William Wolman and Anne Colamosca’s
"The Judas Economy: The Triumph of Capital & The Betrayal of Work"

Perseus Press, 1998
$16.00 paper, 256 pages

Reviewed by Jerry Harris
Chicago Third Wave Study Group

William Wolman was editor and chief economist for Business Week, and Anne Colamosca a writer for the magazine. Their publication of The Judas Economy is a frontal attack on the globalization of financial speculation, or as they subtitle their book: The Triumph of Capital and the Betrayal of Work. The book joins an important and growing body of work from mainstream liberals who have launched a Keynesian counteroffensive against the free market ideology of the conservative revolution. The author's analysis is a sharp criticism of unbridled capitalism, coupled with a defense of labor and an economy based on work. The strength, and weakness of the book, is that their analysis is firmly confined to the progressive outlook of the New Deal era.

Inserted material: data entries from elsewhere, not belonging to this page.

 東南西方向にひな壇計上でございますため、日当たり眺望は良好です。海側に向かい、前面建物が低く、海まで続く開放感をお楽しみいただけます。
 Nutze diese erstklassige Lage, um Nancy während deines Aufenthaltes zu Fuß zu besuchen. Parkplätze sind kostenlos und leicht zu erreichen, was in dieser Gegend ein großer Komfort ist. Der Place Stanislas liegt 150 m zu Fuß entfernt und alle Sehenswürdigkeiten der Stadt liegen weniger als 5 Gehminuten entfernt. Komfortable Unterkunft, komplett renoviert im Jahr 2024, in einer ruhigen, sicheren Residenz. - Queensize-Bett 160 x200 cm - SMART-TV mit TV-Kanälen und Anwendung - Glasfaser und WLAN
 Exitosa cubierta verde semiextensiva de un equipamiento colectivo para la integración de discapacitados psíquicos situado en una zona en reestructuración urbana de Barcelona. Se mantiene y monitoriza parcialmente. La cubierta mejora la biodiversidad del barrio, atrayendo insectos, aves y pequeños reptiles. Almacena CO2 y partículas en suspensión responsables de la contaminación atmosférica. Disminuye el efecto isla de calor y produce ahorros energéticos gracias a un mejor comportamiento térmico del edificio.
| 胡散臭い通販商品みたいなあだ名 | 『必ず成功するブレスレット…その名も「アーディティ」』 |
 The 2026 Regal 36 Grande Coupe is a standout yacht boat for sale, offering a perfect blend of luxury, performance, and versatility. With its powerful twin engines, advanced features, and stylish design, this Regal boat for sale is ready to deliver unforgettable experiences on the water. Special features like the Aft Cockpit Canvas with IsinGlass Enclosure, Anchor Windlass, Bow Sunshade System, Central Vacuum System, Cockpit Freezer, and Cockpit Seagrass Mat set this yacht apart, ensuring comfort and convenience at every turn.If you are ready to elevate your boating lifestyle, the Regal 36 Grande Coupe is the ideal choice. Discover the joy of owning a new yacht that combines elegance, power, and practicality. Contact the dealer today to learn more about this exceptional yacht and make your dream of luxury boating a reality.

Wolman and Colamosca's central thesis is that, "the impact of the cold war victory on the United States is the key to understanding every major economic trend now in operation." (p. 2) They argue it was this change in the balance of power that opened the entire world to capital penetration, and led to the triumph of free market ideology in its most dogmatic form. These changes, and not the technological revolution, are responsible for a "new phase of global capitalism." In fact, Wolman and Colamosca specifically target for criticism Alvin and Hedi Toffler, Jeremy Rifkin, Robert Reich and others who emphasize the powerful role of technology in the changing labor market and global economy. As they state, "Our contention is that it is the triumph of capital, not advances in technology, that has led to the betrayal of work." (p. 54)

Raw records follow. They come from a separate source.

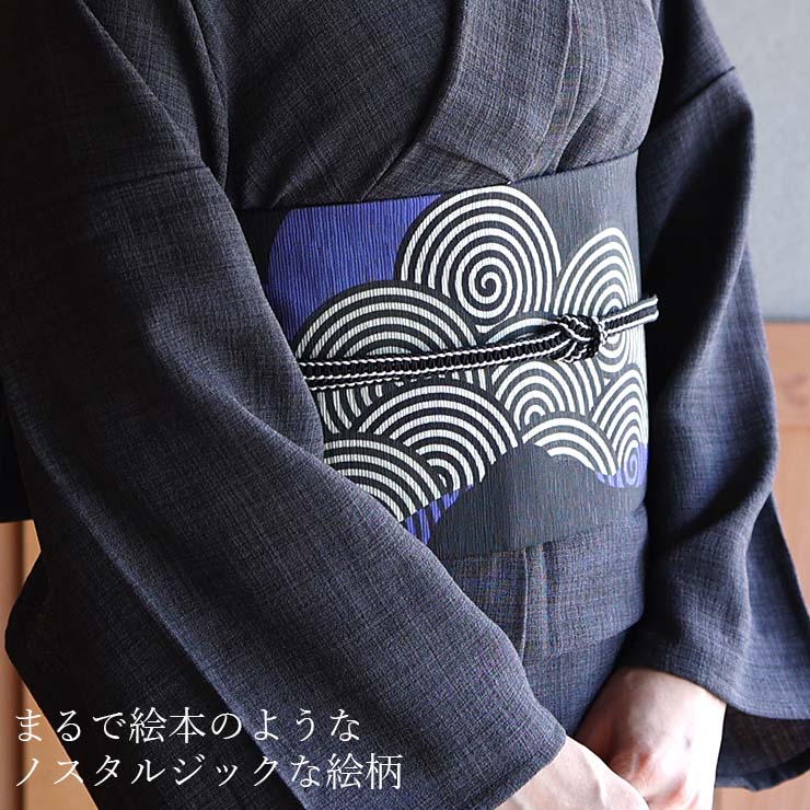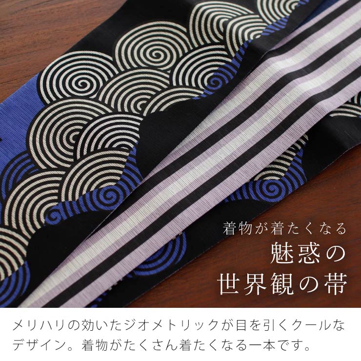 \BLACK FRIDAY開催中/[日本製] 細帯 半巾帯 紬風 波雲文様(黒×紺/950-2980-B)単品 両面OK リバーシブル ジオメトリック 渦巻き 円形 ストライプ 幾何 モダン クール 黒 薄紫 青 個性的 半幅帯 モダン お洒落 着物 きもの ブランド 召しませ花 (ma510)
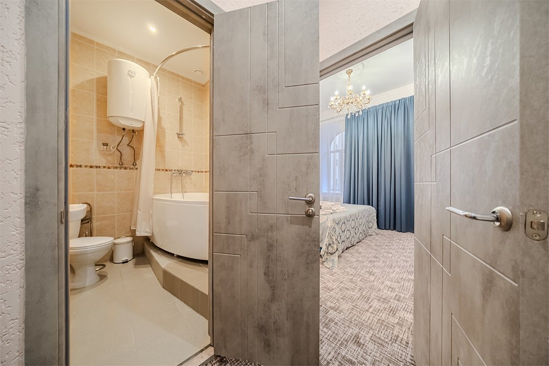 Wi-Fi, кондиционер, светильник, фен, электронные замки, ванная комната, ванна, водонагреватель, халаты, банные полотенца, тапочки, гигиенические средства, кровать «King size», диван, шкаф для одежды, вешалки, журнальный столик, письменный стол, багажная тумба, зеркало, сейф, мягкая мебель, ковровое покрытие, вид на город, кулер на этаже, высокие потолки, стаканы, стул, стол, туалетные средства, сушилка для белья, цифровое тв, раскладной диван, мини-холодильник, фригобар, двуспальный раскладной диван-кровать, вешалки-плечики, шапочка для душа, затемняющая штора, зеркало в полный рост, Android TVВ номере
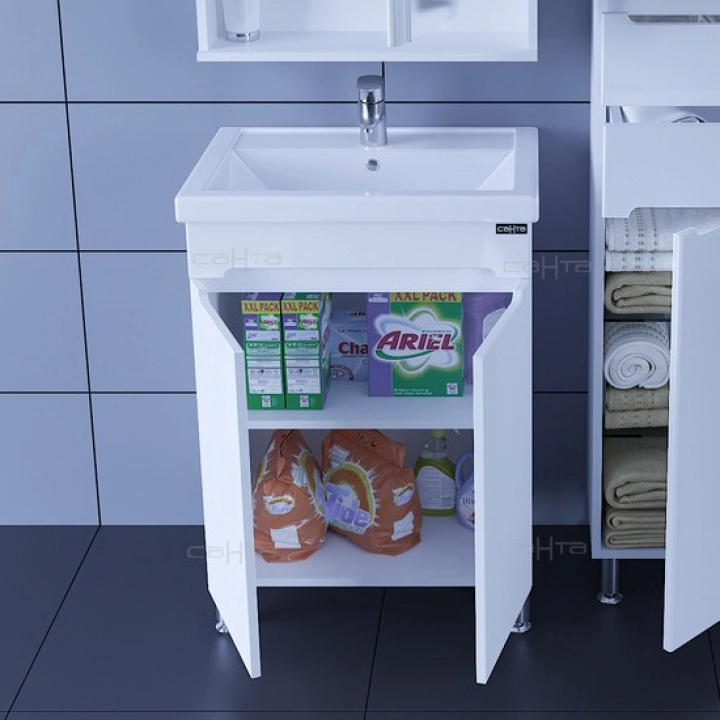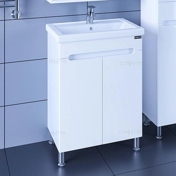 Комплектация: ножка хром - 2 шт., ножка пластик 2 шт., петли с плавным закрыванием - 2 шт. Тумба для умывальника напольная "Лондон 60 " 2 дв. (ум.Фостер 60)

As the authors see it, the end of the cold war allowed for a globalization of labor which now provides capital with a huge pool of cheap unskilled and skilled workers. In turn, this has broken the social contract and led to a dismantling of the economic gains enjoyed by workers in the developed world. The authors reject the idea that "the vast majority of Americans are simply not equipped to function in an age dominated by the knowledge revolution" (p. 48), or that stagnating wages for the majority reflect the rise of a small "cognitive elite." Rather they state that, "since the cold war ended in 1988, the economic incentives of capital to make concessions to workers in both blue-collar, and most recently, white-collar management jobs, has totally withered away." (p. 49) Thus American workers don't lack the skills or training to cope with new information technology, nor does the new technology necessarily destroy jobs. Rather it is the need and organization of capital on a world scale that has betrayed the American worker by seeking cheaper labor abroad.

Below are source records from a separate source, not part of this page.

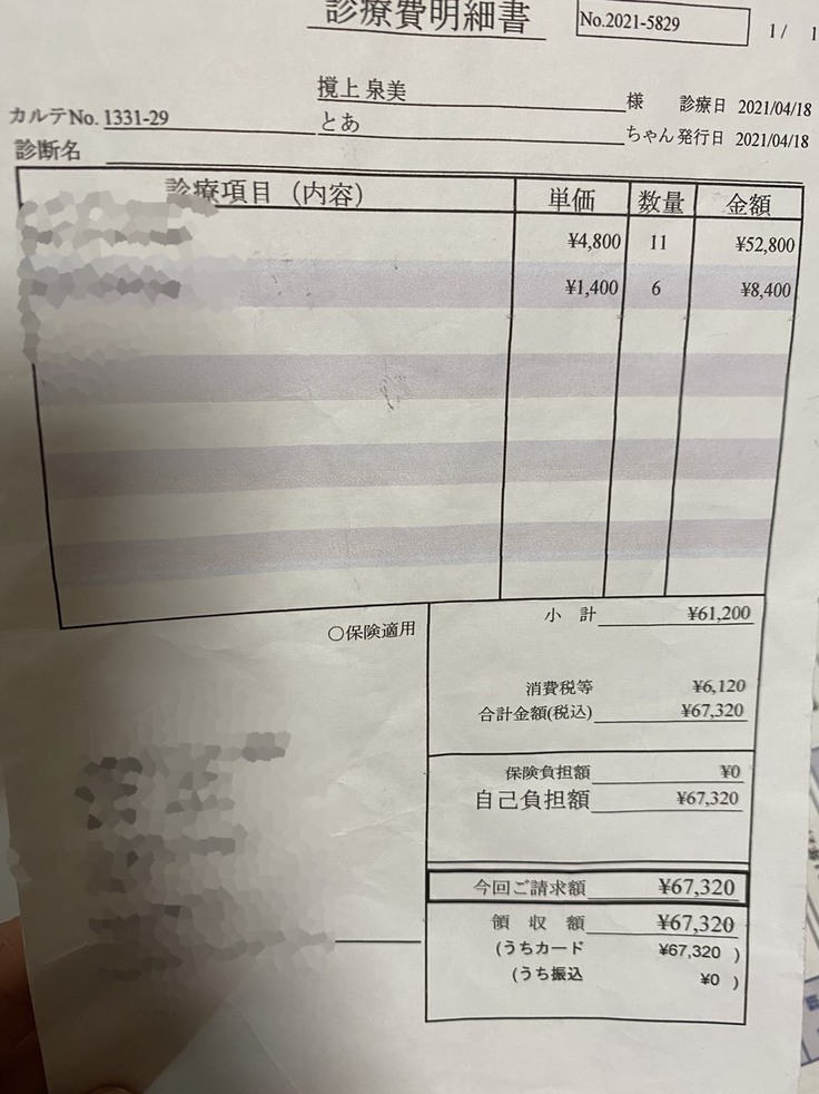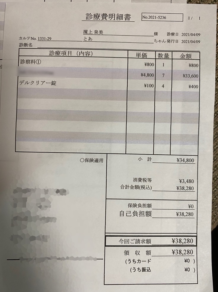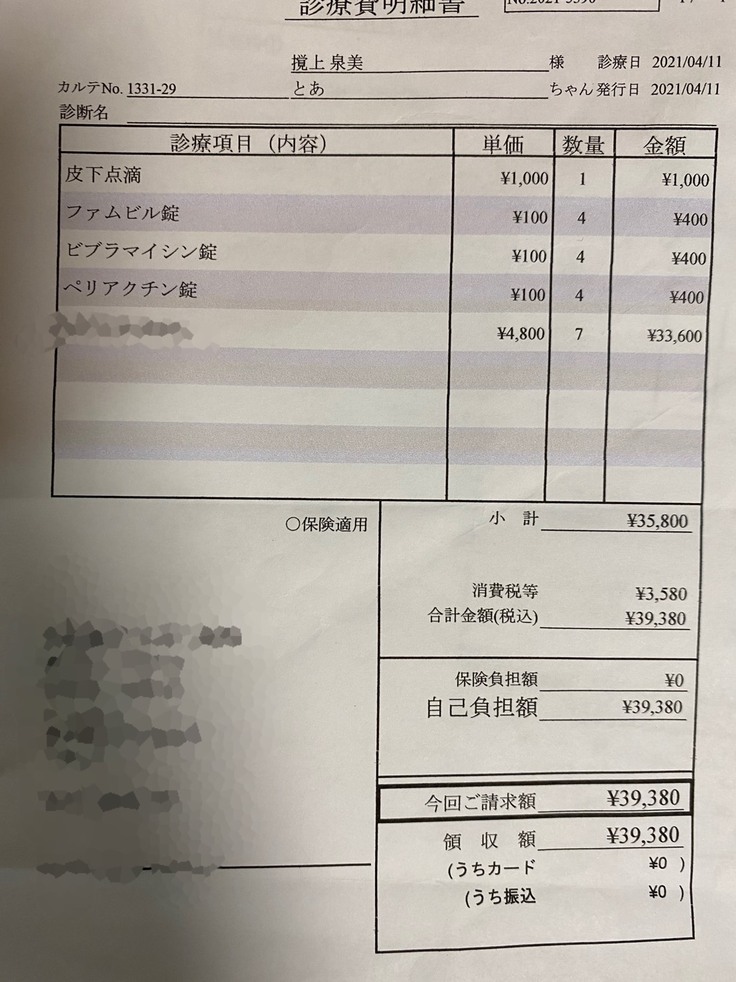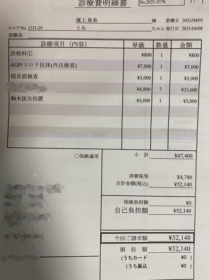 内訳は、体重が予想以上に増えた事により上回った治療費、経過観察中の検査費用、新たに見つかった腎疾患(多発性腎嚢胞疑い)の経過観察の為の検査費用です。
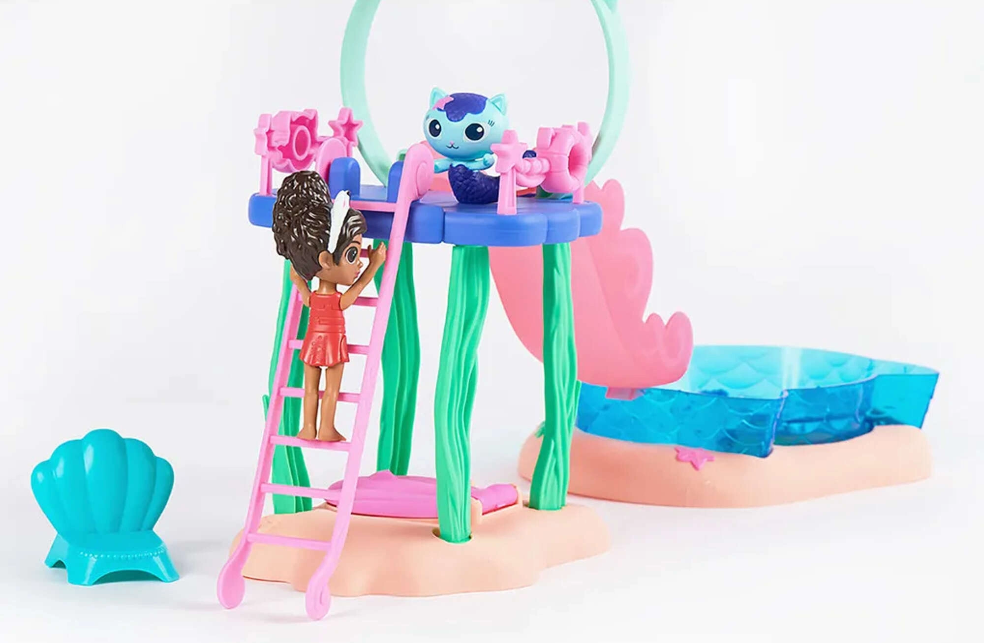 - Gabby-figuur met afneembare zeestaart, Zeemeow-figuur, glijbaan, zwembad, ladder, schelp met afbeelding, “inktvis”-verstuiver, drijvers, Kattenpost met minifiguur en QR-code
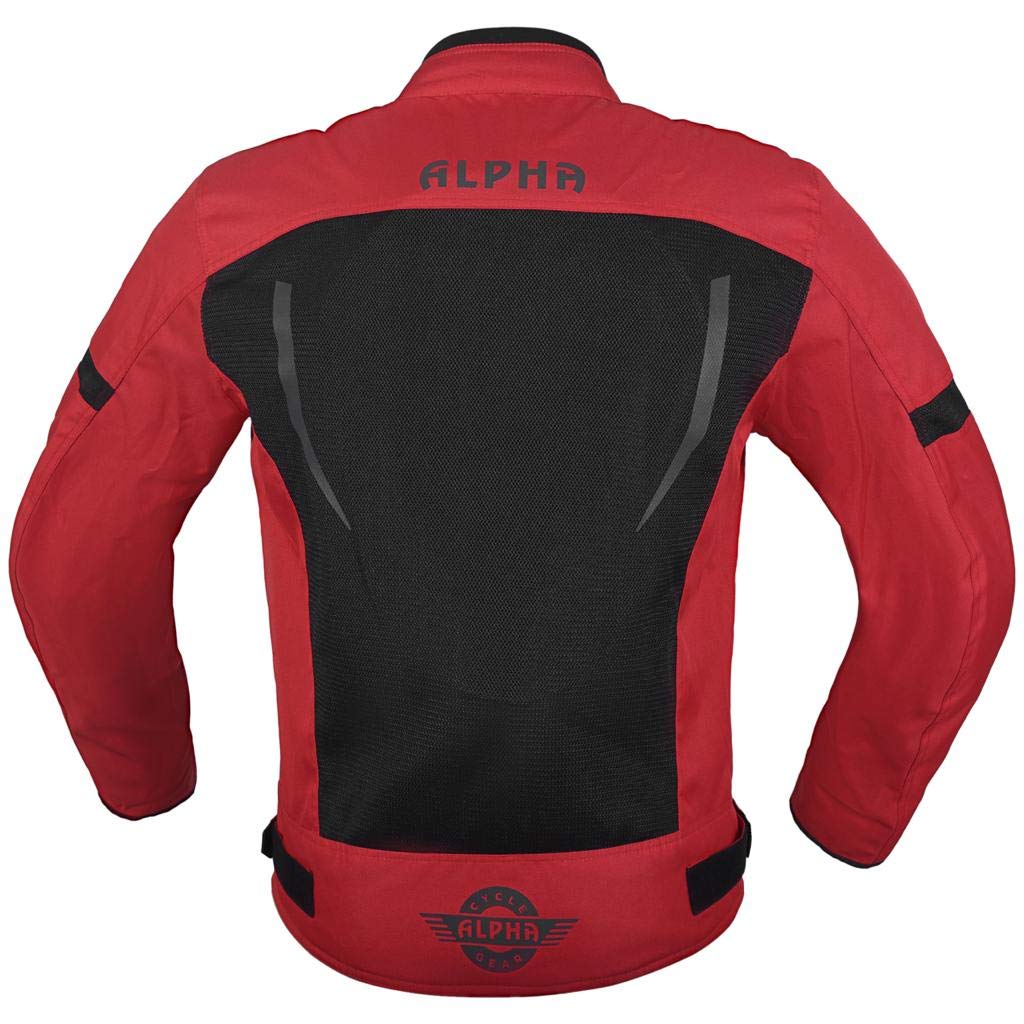 Alpha Cycle Gear Hi Vis Mesh Motorcycle Jacket For Mens Riding Bikers Racing Dual Sports Bike Armored Protective (Red, Medium)

This analysis undercuts Jeremy Rifkin who argues that information technology has ushered in the "end of work," and others who maintain that new technology has an absolute tendency to displace labor and so creates a permanent sector of rebellious unemployed. But neither do Wolman and Colamosca agree with enthusiasts like Toffler who say that the spread of new technology will lead to an explosion of new jobs and a rapidly growing dynamic economy. Rather, their analysis sees a world diffusion of information technology that works to converge wages globally and thus undercuts living standards in the West. Therefore, technology does create jobs, but through a low paid globalized labor pool. This position converges with those who argue that new technology will create a large contingent labor force, with both its high and low skilled workers facing wage and job insecurity.

A consistently important point in The Judas Economy is the historically privileged position of the white working class. As the authors state, "The ties that bound European capital and European labor were perhaps most vividly, and confidently, displayed during the age of imperialism." (p. 14) But since 1988, for the "first time in capitalism's four hundred year history there is no longer anything intrinsically special about the role of white ethnic Europeans throughout the United States and Europe." (p. 2) World competition for industrial jobs is not the only consequence of globalization, but also a fight "for professional jobs that had been the nearly exclusive fiefdoms of white ethnic Europeans in industrialized nations since the beginning of modern capitalism." (p. 7)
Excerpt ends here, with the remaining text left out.